Aus der Sicht des Präsidenten des Bundessozialgerichts (BSG), Peter Masuch, besteht die katastrophale Lage anscheinend nicht in der Hartz-IV-Gesetzgebung an sich, sondern in der Ausführung seitens der Bundesregierung. Die Arbeitsmarktreform müsse nachgebessert werden, verlangte er Medienberichten vom Donnerstag zufolge. Ihm schwebt auch schon vor, was die Regierung unternehmen sollte. Sie möge die Erkenntnisse aus nahezu 100 höchstrichterlichen Urteilen in die Praxis übertragen. "Insbesondere die Anrechnung von Einkommen und Vermögen sowie die Kostenübernahme für Unterkunft und Heizung scheinen mir noch klarstellungsbedürftig", zitiert handelsblatt.com (23.1.2009) den BSG-Präsidenten.

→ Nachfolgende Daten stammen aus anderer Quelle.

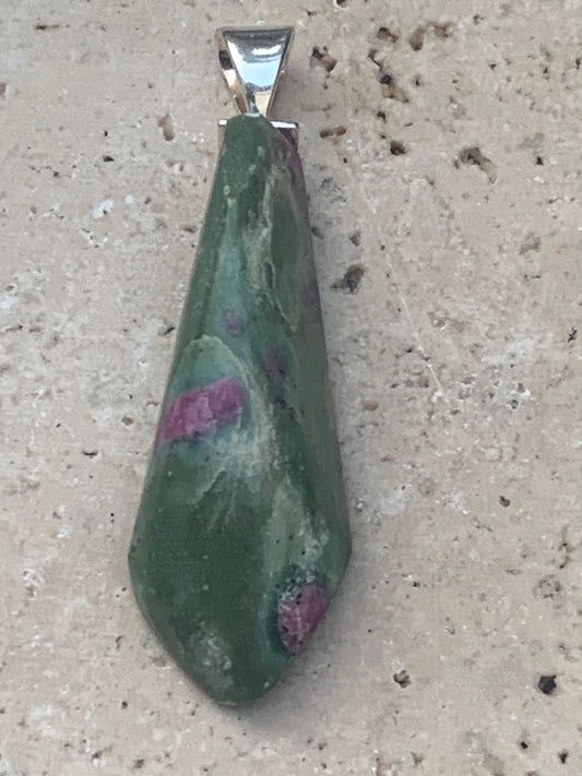 Rubis sur Fuchsite (micas vert), pendentif en Argent de 48 mm de ht x16 x6. Vendu avec un cordon réglable de couleur noire !

Seine Stellvertreterin, Ruth Wetzel-Steinwedel, machte auf eine Entwicklung aufmerksam, die Alg-II-Empfänger regelmäßig bitter zu spüren bekommen: Die Urteile der Sozialgerichte werden oftmals schlicht und ergreifend ignoriert. "Ein Teil unserer Entscheidungen kommt oft gar nicht dort an, wo er ankommen soll", so Wetzel-Steinwedel.

Daß ein erheblicher Teil der Klagen von den Sozialgerichten mindestens partiell anerkannt wird, je nach Region zwischen 30 und 50 Prozent, macht deutlich, daß es hier nicht um Fälle von Raffgier seitens der Kläger geht, sondern um einen systemischen Mißstand. Daran läßt sich das Grundverhältnis zwischen Staat und Bürger ablesen: Wer ein Leben lang gearbeitet hat, dann aber arbeitslos wurde und auf staatliche Unterstützung angewiesen ist, wird quasi mit den Füßen getreten. Ihm wird zu verstehen gegeben, daß er nichts wert ist, daß er parasitär lebt und dankbar sein muß, wenn ihm irgendeine Unterstützung zuteil wird.

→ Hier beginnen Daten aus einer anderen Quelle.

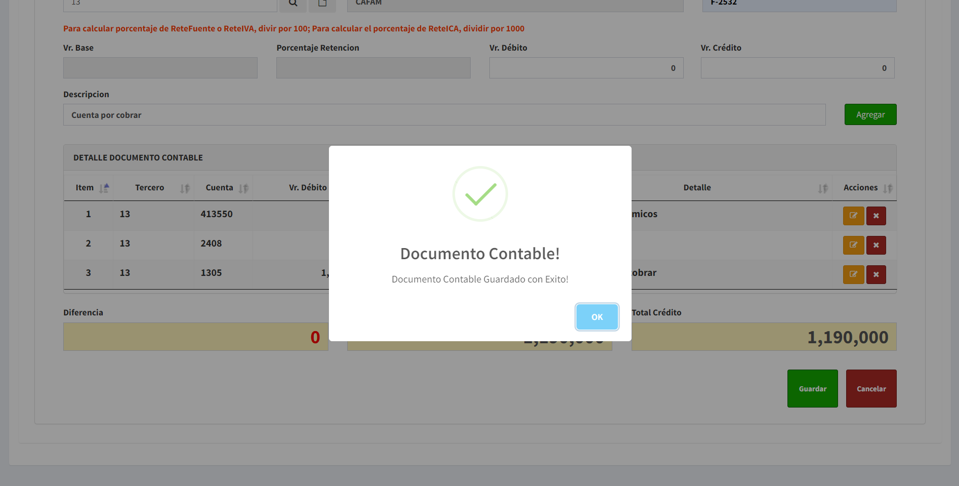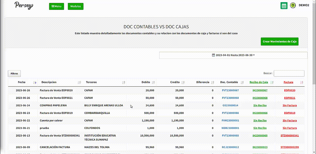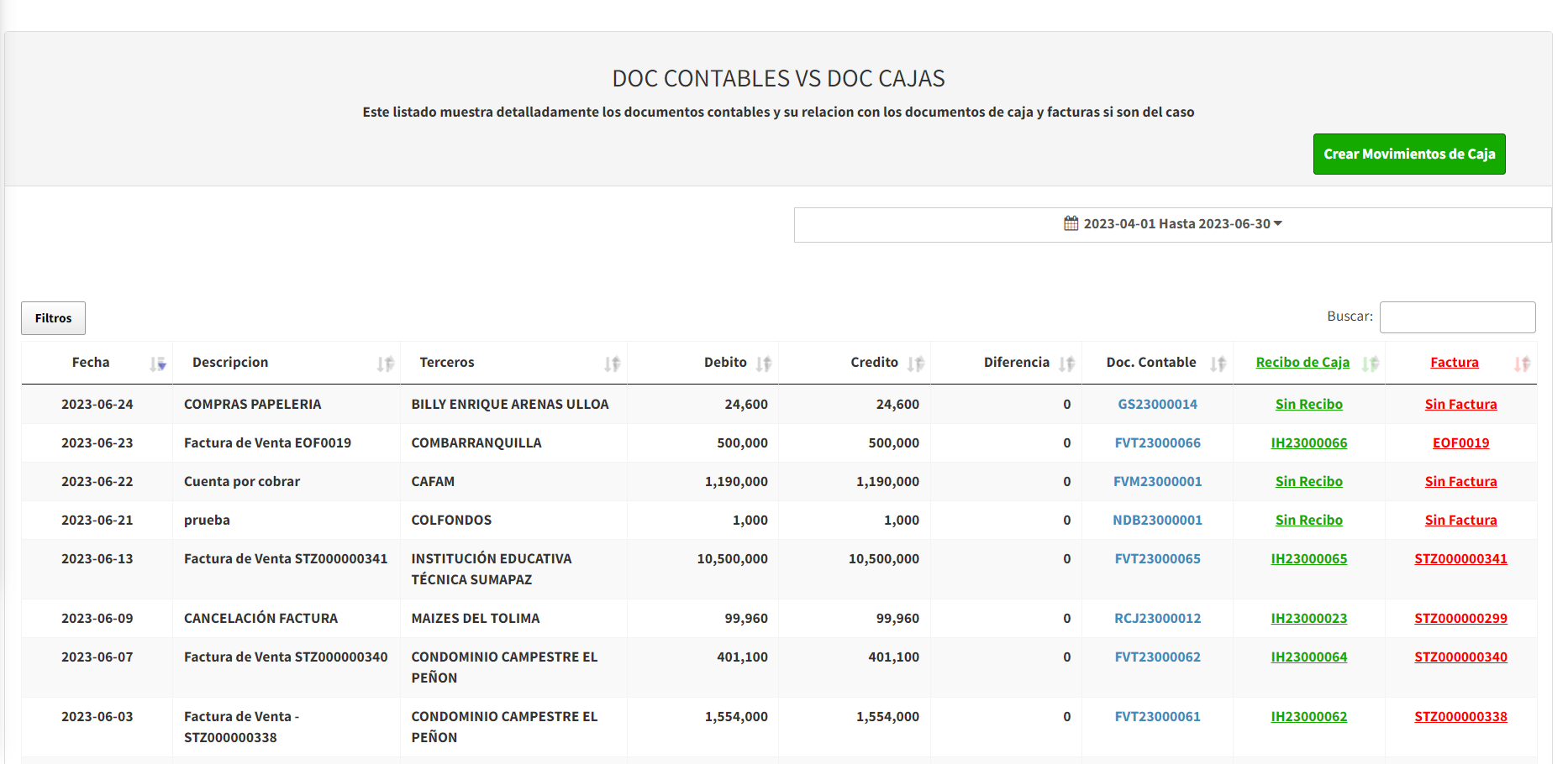 Nota: En dado caso de que no le se haya generado automaticamente el movimiento de caja podra hacerlo de forma manual seleccionando el documento contable y dando click en crear movimiento de caja.

Die von Masuch kritisierte hohe Zahl an Klagen gegen Hartz-IV-Bescheide vor Sozialgerichten ist vordergründig ein Armutszeugnis der Politik, die komplizierte Gesetze mit uneindeutigen Formulierungen und interpretierbaren Paragraphen erlassen hat. Dahinter steckt jedoch ein grundlegender Trend, einerseits umfassende staatliche Verfügungsstrukturen, zu denen Hartz-IV gerechnet werden kann, zu schaffen, in denen Menschen drangsaliert und zunehmend entmündigt werden, andererseits die mit der Verwaltung einhergehenden Unwuchten auf die Opfer dieser Politik abzuwälzen.

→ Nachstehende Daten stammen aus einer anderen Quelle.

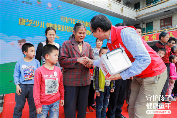 2019年,康芝藥業積極響應國家脫貧攻堅及健康中國的號召,聯合大翔藥業等知名藥企,發揮藥企本身能量,通過康芝紅臉蛋基金為廣大少年兒童和家長普及兒童健康知識,開授“少兒健康常識和急救知識公益課堂”,并為孩子們和家庭配備一個少兒健康愛心藥箱,為孩子的健康成長保駕護航。
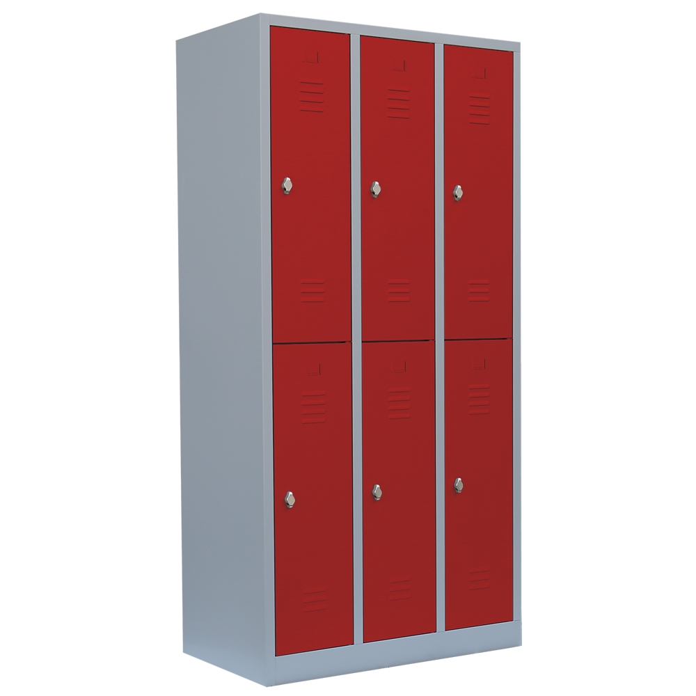 Lüllmann® Garderobenschrank, 3 Abteile doppelstöckig, H 1800 x B 885 x T 500 mm, lichtgrau/feuerrot
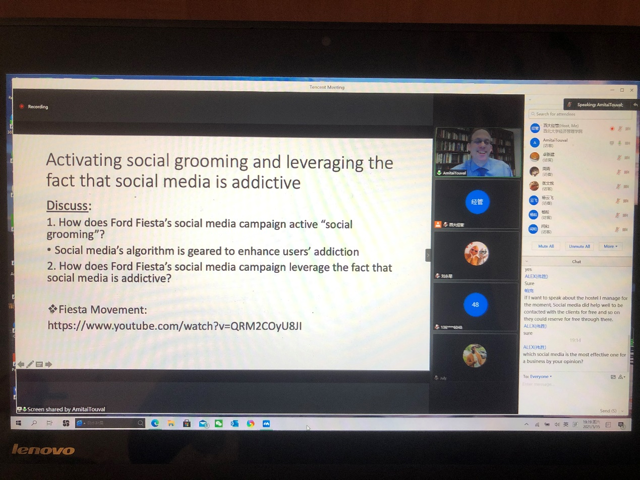 Amitai Touval教授的讲座题为“Social media and Culture”,在此他主要关注两个问题,其一是营销人员应基于各类新型社交媒体的优势特征来选择营销媒介从而使效果最优化;其二是国家间文化差异造成的不同社交媒体使用情况以及信息来源对于消费者决策的影响巨大。本场讲座由学院余洁副教授主持,她介绍了Amitai Touval教授在beat365官网和包括哈佛大学、麻省理工学院在内的多所世界名校的教学经历及教研领域。

Das Hartz-System stellt einen Testlauf dar. Es handelt sich um eine Vorstufe zur künftigen Totalverwaltung großer Menschenmassen, die sich längst nicht nur aus dem überschüssigen Industrieproletariat zusammensetzen. In den bevorstehenden Zeiten globaler Ressourcenverknappung und des Klimawandels werden ordnungspolitische Zwangsstrukturen wie beispielsweise Arbeitslager etabliert. Dafür gibt es Vorbilder. So haben EU-Politiker vorgeschlagen, die in Nordafrika eingerichteten Lager für Flüchtlinge aus Afrika als Pool für nützliche Arbeitskräfte, die zum Beispiel vorübergehend bei der Ernte aushelfen könnten, zu nutzen. Das ist nur der Anfang. Der Trend, größere Mengen an Menschen auf diese Weise unter Kontrolle zu halten, zeigt sich global, wenngleich die Nationalstaaten weiterhin als administrative Bezugsgröße bestehen bleiben.

Die Möglichkeit, den Rechtsweg zu beschreiten, und das juristische Hickhack, dem sich die Kläger gegen Hartz-IV-Bescheide ausgesetzt sehen und das zu den vielen Faktoren gehört, durch die ihr Leben eingeschränkt und zunehmend auf das unmittelbare Überleben reduziert wird, dürfte sich in einigen Jahren rückblickend noch als Ausdruck letzter rechtlicher Möglichkeiten, Einfluß auf das eigene Schicksal zu nehmen, darstellen. Eine Arbeitsmarktreform, wie sie der BSG-Präsident fordert, käme den überarbeiteten Sozialgerichten zugute, nicht aber den Leistungsgebern der Gesellschaft, die in eindeutiger Absicht der Schuldzuweisung als Leistungsbezieher diffamiert werden. Das Hartz-IV-System gehört nicht reformiert, sondern abgeschafft.